Судьба, или жизнь дается человеку один раз… - [5]

Шрифт
Интервал

Глава 2. ШКОЛА «Я помню тот Ванинский порт…». В 1947 году отца перевели из Приморья служить в порт Ванино. Вскоре за ним отправились и мы с мамой. Тогда там были лагеря, лагеря и лагеря, охранники и охранники, совсем немного военных и еще меньше гражданских. Основная деятельность поселкового населения сосредотачивалась в обслуживании портовых комплексов и прилегающих к ним многочисленных железнодорожных путей, обычно переполненных грузовыми вагонами с металлическими решетками на маленьких окошках. Жили мы в длинных бараках со всеми удобствами на улице. Весной и осенью в школу ходили по деревянным тротуарам, зимой нас возили на санях, потому как по снегу первоклашкам было невозможно добраться ни до школы, ни до дома. Было очень интересно и весело.

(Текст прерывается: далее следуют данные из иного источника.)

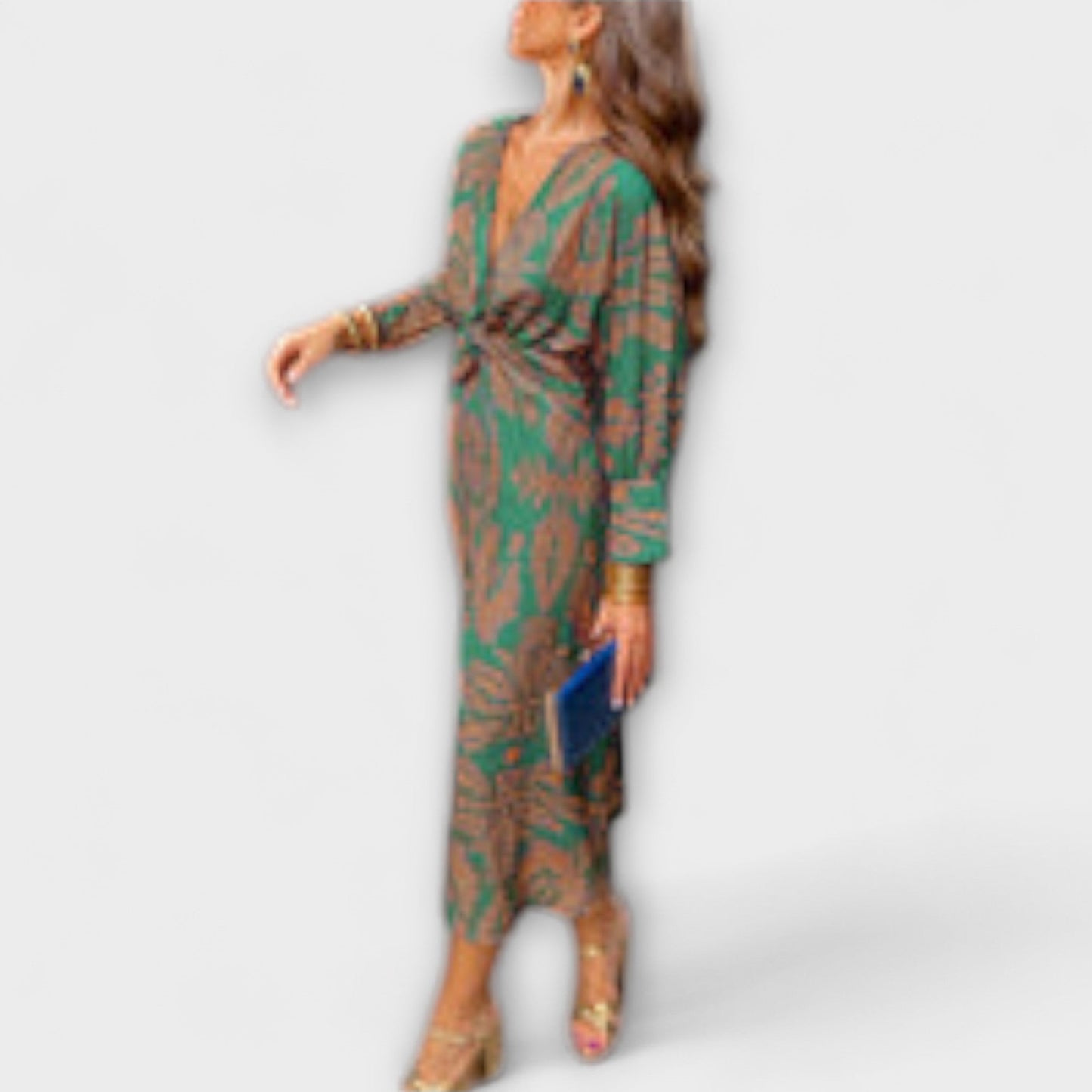 This stunning dress is crafted for those who wish to make a statement without compromising on sophistication. The exquisite print and flowing silhouette strike the perfect balance between femininity and presence.
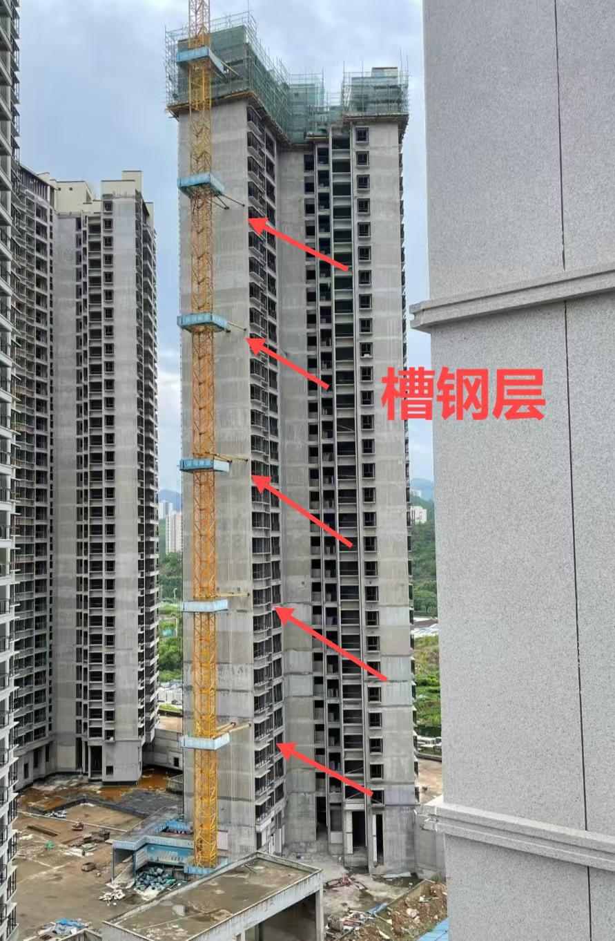 工人在建房子的时候,为了施工安全,每隔几层就会在墙面穿插一些槽钢用于固定外悬的脚手架,被穿插了槽钢的这一层就是槽钢层,买房的时候最好要避开它。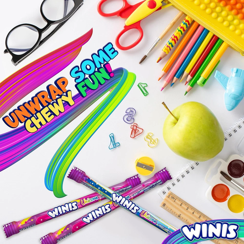 TEXTURE AND FLAVOR: Experience the unbeatable soft, chewy texture of taffy. Indulge in cotton candy for a delightful burst of sweetness. Go ahead, treat yourself! COTTON CANDY FLAVORED FUN: Dive into sweetness with just one purchase! Our Winis Unicorn pack boasts 11 pieces, bursting with all the whimsy and flavor your taste buds crave. Let the magical munching begin! ALLERGY FRIENDLY: These candies have everyone covered – kids or adults, we've got you! No high-fructose corn syrup, peanuts, or tree nuts. It's a treat for all, worry-free indulgence! SHARING SIZE: Forget about the fuss of single candies; grab this all-in-one delight! With 11 chewy candy sticks in this bag, it's a treasure trove of flavor. Share the love or savor it solo – either way, it's a win-win for your taste buds! THE NEW FLAVORFUL TAFFY CANDY: With our Winis Taffy Candy, you're in for some of the tastiest treats! Let your taste buds go on a journey and explore the amazing flavors of all our candies. VARIETY: Sweet taffy in Cooton candy chewy sticks Satisfy all your sweet tooth cravings with just one purchase. This variety pack contains 11 pieces & all the fun and flavor you can imagine. BULK: No need to purchase individual candy bags when you have everything in one 11 pieces of candy included in this bag gives you the best bang for your buck. ALLERGY FRIENDLY: Whether it’s your kids or for yourself (yes you), these candies take everyone into account. No high-fructose corn syrup, peanuts or tree nuts. A POPULAR HISPANIC TREAT: Our Winis Taffy Candy you will get some of the most popular and mouthwatering treats from Mexico. Take your taste buds on new adventures and discover the great taste of all our candies. TEXTURE AND FLAVOR: There is nothing like the soft chewy chew of taffy. Enjoy it in Cooton Candy Flavored!

Основными событиями и занятиями кроме многочасового выпаса ненавистной козы были наблюдения за прибывающими эшелонами заключенных. Их переправляли из вагонов в порт для погрузки на пароходы и отправки в Магадан. Серые, однообразные нескончаемые колоны, сопровождаемые по бокам охранниками с автоматами наперевес и здоровенными овчарками, — это обычная, чуть ли не повседневная картина значительной части моего детства. Иногда они садились и отказывались идти, тогда звучал лай озлобленных собак и команды с непременным матом не менее озверевших охранников. Потом раздавались предупредительные выстрелы, за которыми в случае неисполнения стрельба направлялась в первую шеренгу. Все поднимались, и шествие продолжалось. Эту картину весьма колоритно дополняли высокие бесконечные заборы «особых» лагерей с чередующимися вышками, из которых торчали стволы спаренных пулеметов.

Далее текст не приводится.